• _THE PROBLEM_
Give an exact copy of the data that follows, but none of its pictures.

(Records drawn from a dataset)
[Start of section]
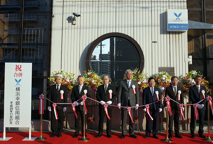 横浜幸銀信用組合と合併した岡山商銀信用組合の本店と支店が27日、横浜幸銀岡山支店と倉敷支店として営業を開始した。
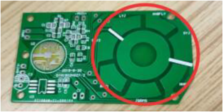 阻焊层solder mask不开窗,弧线是无法漏铜,会涂上一层阻焊油的无法上锡的
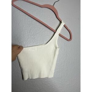 Superdown Ellie One Shoulder Ribbed Crop Top L
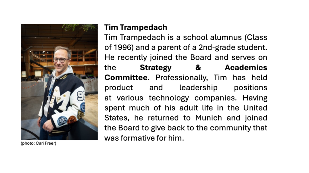 That’s why the School Board is looking for YOU! If you are a parent of an MIS student, are passionate about the future of MIS, have leadership experience, and can comfortably communicate in English, you are perfect for this role and you should apply for one of the Board member roles. The application deadline is March 10, with interviews scheduled for early April. Please send an email directly to the Chair of the Nominations Committee, Eva Leconte: evaleconte@mis-munich.de.
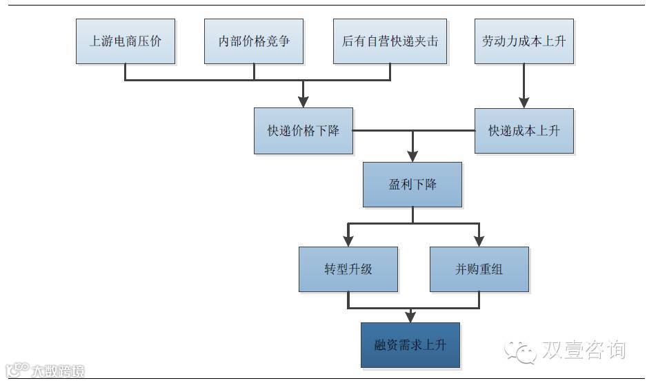 单票价格下降和人力成本上升的双重挤压,给以低价电商件为主的三通一达带来巨大的盈利压力。要改变这种局面有两条出路:1)并购扩张;2)转型升级。而上市融资都是必经之路。
[End of section]
• _SOLUTION FOR THIS EXERCISE_
 横浜幸銀信用組合と合併した岡山商銀信用組合の本店と支店が27日、横浜幸銀岡山支店と倉敷支店として営業を開始した。
 阻焊层solder mask不开窗,弧线是无法漏铜,会涂上一层阻焊油的无法上锡的
 Superdown Ellie One Shoulder Ribbed Crop Top L
 That’s why the School Board is looking for YOU! If you are a parent of an MIS student, are passionate about the future of MIS, have leadership experience, and can comfortably communicate in English, you are perfect for this role and you should apply for one of the Board member roles. The application deadline is March 10, with interviews scheduled for early April. Please send an email directly to the Chair of the Nominations Committee, Eva Leconte: evaleconte@mis-munich.de.
 单票价格下降和人力成本上升的双重挤压,给以低价电商件为主的三通一达带来巨大的盈利压力。要改变这种局面有两条出路:1)并购扩张;2)转型升级。而上市融资都是必经之路。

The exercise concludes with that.